22 de mai de 2011

Kirsten Dunst, melhor atriz no festival de Cannes 2011

Estrelado por Kirsten Dunst, Charlotte Gainsbourg e Kiefer Sutherland, o longa-metragem do polêmico Lars Von Trier conta “uma bonita história sobre o fim do mundo”, o que no universo do diretor deve ser recebido com uma dose de desconfiança. Belas são as atrizes, a luz e a música do filme, mas o drama é denso e o gosto que fica ao final do filme, para lá de amargo.



"Existem diferentes tipos de filmes. Alguns você vê para saber como termina. Mas eu vou contra isso. É como nos filmes do James Bond, em que você sabe que ele vai sobreviver no final, mas ainda assim você assiste empolgado para saber como isso acontece", defendeu Von Trier, falando a jornalistas da imprensa internacional logo após a exibição do filme.








Quando o diretor chama mais atenção do que o filme.....

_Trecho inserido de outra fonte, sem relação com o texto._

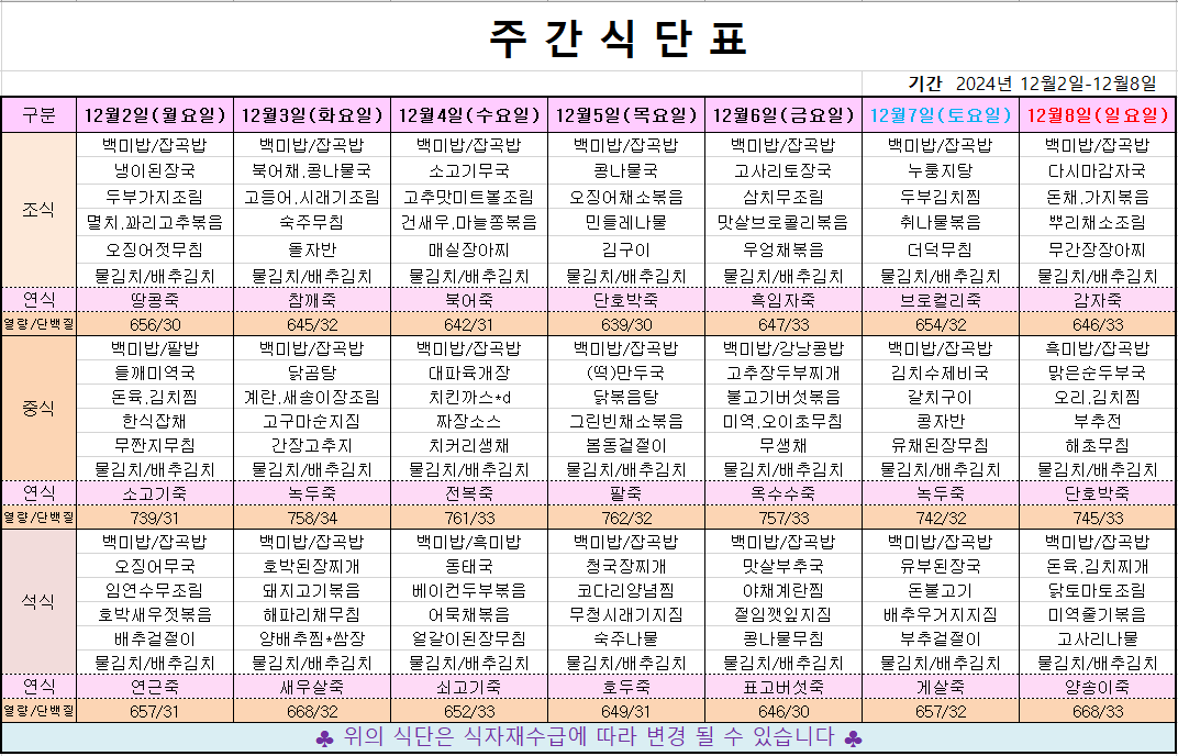 12월 1째주 주간메뉴표입니다 페이지 정보 작성자 관리자 댓글 0건 조회 492회 작성일 24-11-30 09:54 본문 목록 이전글12월 2째주 주간메뉴표입니다 24.12.10 다음글11월 4째주 주간메뉴표입니다 24.11.21

Ambíguo e sarcástico em praticamente todas as suas respostas, Von Trier insistiu em dar detalhes sobre o tal projeto pornô - que provavelmente nunca verá a luz do dia. Segundo ele, o filme seria resultado de suas leituras sobre religião e sexo, e teria duas personagens centrais, a igreja católica romana e a ortodoxa. "O fato de o planeta Terra estar sendo destruído não é algo tão alarmante, já que vamos todos morrer mesmo em algum ponto da vida. Me interessa o lado espiritual e sagrado. Vou explorar isso no pornô com Kirsten."
Como se não tivesse provocado desconforto suficiente até então, o cineasta resolveu lançar uma última bomba politicamente incorreta ao final da entrevista.
Questionado sobre supostas declarações que teria dado a respeito do nazismo, o dinamarquês revelou: “Por um tempo, eu sempre gostei de pensar que fosse judeu, mas depois descobri que minha família era alemã e que na verdade eu era nazista, o que também me deu um certo prazer. O que posso dizer é: eu entendo Hitler. Claro que ele fez algumas coisas erradas, mas eu entendo o homem, simpatizo um pouco com ele. Não pela Segunda Guerra. Não sou contra judeus. Mas os israelenses são um pé no saco...”, provocou. "Como posso sair dessa agora? OK, eu sou nazista”.
Horas depois, o cineasta enviou um comunicado à imprensa no qual se desculpava pela declaração. "Se eu ofendi alguém esta manhã com as palavras que disse na coletiva de imprensa, peço desculpas sinceras. Não sou antissemita ou racista de qualquer maneira, e muito menos nazista".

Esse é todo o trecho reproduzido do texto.